CROWN HEIGHTS — A day after a Crown Heights homeless shelter opened its doors to 10 families, opponents successfully convinced a judge to temporarily block any new residents from entering, according to plaintiffs of a new lawsuit and city officials.
A Brooklyn Supreme Court judge on Tuesday granted a temporary restraining order blocking more families from moving into the shelter at 267 Rogers Ave., according to the city and a representative of the Crown Street Block Association, which filed a lawsuit to stop the opening.
The order by Judge Donald Kurtz will not affect the 10 homeless families who already moved into the Rogers Avenue shelter Monday, a spokesman for the Department of Homeless Services said.
The next court hearing in the case is set for Thursday, according to Dion Ashman, president of the block association and a plaintiff in the case.

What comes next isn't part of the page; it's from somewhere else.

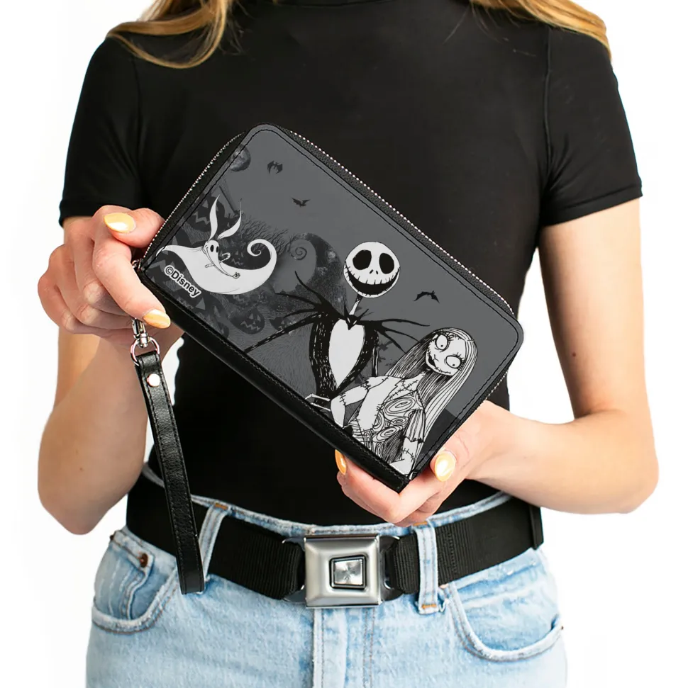 PU Zip Around Wallet Rectangle – The Nightmare Before Christmas Jack Sally and Zero Cemetery Scene Grays

He said the group is looking to force the city to repurpose the Rogers Avenue facility into "100 percent low-income housing," something locals and elected officials have pushed for previously.
“We’re not looking to kick them out. We want them there permanently," he told DNAinfo on Wednesday.
The shelter is slated to house a total of 132 families with children from Brooklyn, the city said. It is one of the first five shelters planned to open under Mayor Bill de Blasio’s plan to overhaul the DHS system. The plan calls for placing homeless people into communities where they last lived, a policy backed by a new report issued by the Center for New York City Affairs at the New School.
The agency's spokesman Isaac McGinn said DHS had planned to move more families to 267 Rogers Ave. this week.
"We’re confident this matter will be resolved shortly so that we can give homeless families with children the opportunity to be sheltered in this high-quality facility as they stabilize their lives," he said in a statement.
This is now the second shelter in the neighborhood stopped from full operations by legal proceedings. On Wednesday, a judge is due to make a decision about a controversial 104-bed men's shelter that has been blocked for nearly two months by a lawsuit brought by its Crown Heights neighbors who are seeking better security and loitering restrictions at the facility.